Calcium hydroxylapatite (Radiesse^®)

Calcium hydroxylapatite (Radiesse^®, now owned by Merz Aesthetics, formerly BioForm Medical, WI) was FDA approved on 22 December 2006 for the augmentation of moderate to severe facial lines and folds and for facial soft tissue loss from HIV-related lipoatrophy (Fig. 2.3C). It consists of 30% concentration of 25–45 µm calcium hydroxylapatite spherical particles suspended in sodium carboxymethylcellulose gel. It lasts approximately 1 year or more in most patients. It is inherently biocompatible because it is identical in composition to bone material. Off-label use has included volume restoration for dorsal hands and post-rhinoplasty contour correction.
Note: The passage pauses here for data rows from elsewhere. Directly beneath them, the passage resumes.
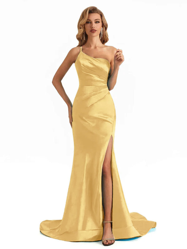 Sexy Side Slit Soft Satin One Shoulder Spaghetti Straps Long Maxi Mermaid Bridesmaid Dresses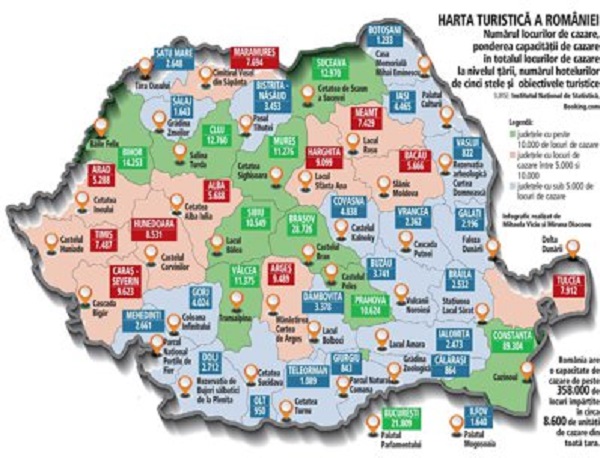 Harta turistică a României. România este cunoscută pentru zonele sale cu peisaje, pentru locurile pline de istorie, cu tradiții . În ultimii ani, România a devenit una din țările cu destinații preferate de turiștii străini.
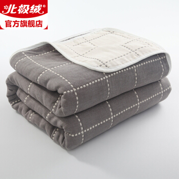 北极绒 毛巾被纯棉全棉空调被六层纱布巾夏凉被盖毯毯子儿童午睡毛毯婴幼儿纱布浴巾 虚线格灰 90*100cm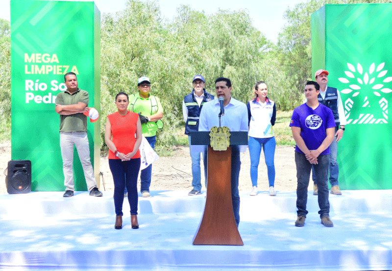 Durante el evento que se realizó en la zona del río San Pedro a la altura de la colonia Curtidores en la ciudad capital, Tere Jiménez también encabezó una megalimpieza en las márgenes de este afluente, en la que participaron servidores públicos del Gobierno del Estado y de la Presidencia Municipal de Aguascalientes, así como empresarios, estudiantes y organizaciones de la sociedad civil; con esta acción se dio inicio oficial al proyecto de rehabilitación integral para la recuperación y saneamiento del río San Pedro.

Lack of immediate reversibility and contraindication for use in the lips limit applicability to some extent, but the product has a steady niche market.
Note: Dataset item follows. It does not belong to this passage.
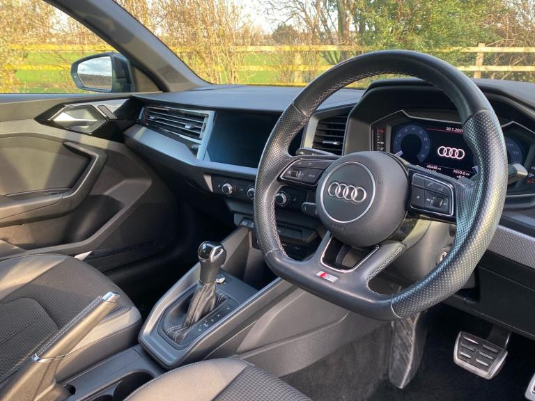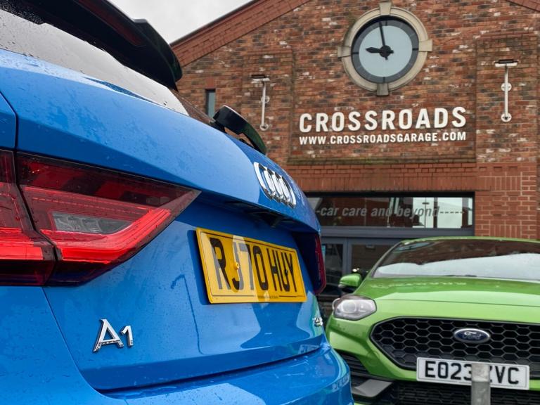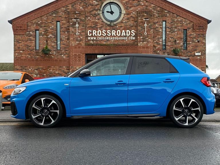 Crossroads Garage are delighted to offer another superb used vehicle; this one owner, technologically advanced Audi A1 1.5 TFSI 35 S-Line Black Edition S-Tronic which has just arrived in stock with us. COLOUR & TRIM - Presented in the most desirable colour Turbo Blue metallic paintwork with contrasting Black Roof, this stunning A1 has 18"" Rotor Spoke alloy wheels. The interior is finished with Black half leather upholstery on heated front sports seats. SOURCE - This premium Audi hatchback was purchased by us directly from it's one previous keeper. SERVICING - Our example has covered just 49000 miles and benefits from a Full Service History. It is of-course HPI clear and the mileage has been verified with VOSA records. We will supply this A1 S-Line Black Edition with a fresh 12 Months MOT with no advisories. PERFORMANCE - This A1 looks and drives superb. Having been put through our multi-point check this car is supplied with our comprehensive parts & labour warranty. SPECIFICATION - Our well-equipped S-Line Black Edition hatchback has an extensive specification which includes, 6-Speed Automatic Gearbox With Paddleshift, Audi Virtual Cockpit With 10.25 Inch Digital Instrument Cluster, 8.8 Inch Colour MMI Screen, Apple CarPlay With Satellite Navigation, Bang & Olufsen Audio Upgrade, Rear Parking Camera, Front & Rear Parking Sensors With Optical Display, Heated Front Seats, Audi Comfort & Sound Package, Audi Smartphone Interface, LED Headlights, Dynamic Rear Indicators, LED Ambient Interior Lighting Pack, Audi Drive Select, Audi Pre-Sense, Bluetooth Phone With Audio Streaming, Cruise Control, DAB Radio, Air Conditioning, Multi-Function S-Line Steering Wheel, USB-C Input, Privacy Glass, On-Board Computer, Electric Folding Door Mirrors, and more besides. WHAT TO EXPECT FROM US - Fabulous finance packages and the comfort of knowing your car is being supplied by a multi award-winning dealer including Trading Standards Retailer of the Year and we have customer feedback scores to be proud of. All of our vehicles are prepared to a high standard by our team of skilled technicians and will be valeted ready for collection. We take pride in our efforts to make this the most enjoyable car-buying experience you'll ever have. Please call and speak to James, Alan, Dean or Simon who'll be able to answer any questions you have, to reserve this wonderful example today or to book a viewing. Please remember to bring a valid Full Driving Licence with you. Thank You.

Polymethylmethacrylate (Artefill^®)

PMMA is composed of non-resorbable PMMA 20% and 80% bovine collagen and was FDA approved as Artefill^® (Fig. 2.3D) in October 2006 (Artes Medical, San Diego, CA) following earlier European use as Artecoll^® dating from 1998. Following corporate upheaval involving the original management under the founder, Gottfried Lemperle, the product was purchased out of bankruptcy in 2009 by Cowen Healthcare Royalty Partners and reorganized as Suneva Medical. Artefill^® is a chemically inert and biocompatible synthetic implant used in bone and dental implants. Skin allergy pre-screening tests are needed owing to bovine collagen content. The body degrades the collagen carrier within 1–3 months. The PMMA microspheres are non-biodegradable and their persistence is extremely long lasting to permanent. The use of PMMA is appropriate for patients with well-defined deep facial wrinkle lines. Granulomas appear to be less common with the current product, down to 0.01% range, but sensitivity to the bovine collagen component and the animal derivation of the collagen remain issues. Clinical trials for acne scarring are reportedly under way following reports (e.g. by Epstein & Spencer) of utility in this indication.

Conclusion

The list of filler products that are commercially available outside of the USA is protean. While admittedly many of these are refinements of existing technologies (better cross-linking, different particle size, combined with anesthetic, etc.), many are new classes of products that are different from those currently available in the USA (Fig. 2.4), e.g. polyacrylamide gels, cross-linked dextran, carboxymethylcellulose, hypromellose, etc. There are over 200 commercial products outside the USA. But we would predict that we shall see fillers moving beyond the traditional concept of inert medical devices into the realm of true biologicals: materials that will improve the texture, elasticity, radiance, and possibly color, of the skin itself. Just as the last 40 years has been the movement from two to three dimensions, the next two decades will see movement from the macro- to the microlevel and fillers will become systems for active metabolic manipulation and protection of the aging skin. The challenge for us as clinicians will be to sort through the hype and be able to choose the products that will offer the balance of risk and benefit. Given the preternatural attraction of the public for the newest and the greatest, we will have our work cut out for us.

Figure 2.4 Examples of only two products pursuing FDA approval: the first is a polyacrylamide gel, Aquamid^®, which is a permanent injectable gel implant; the second, Ellansé^®, contains polycaprolactone smooth microspheres suspended in an aqueous carboxymethylcellulose gel vehicle. There will be many more fillers pursuing approval in the US market, to be sure.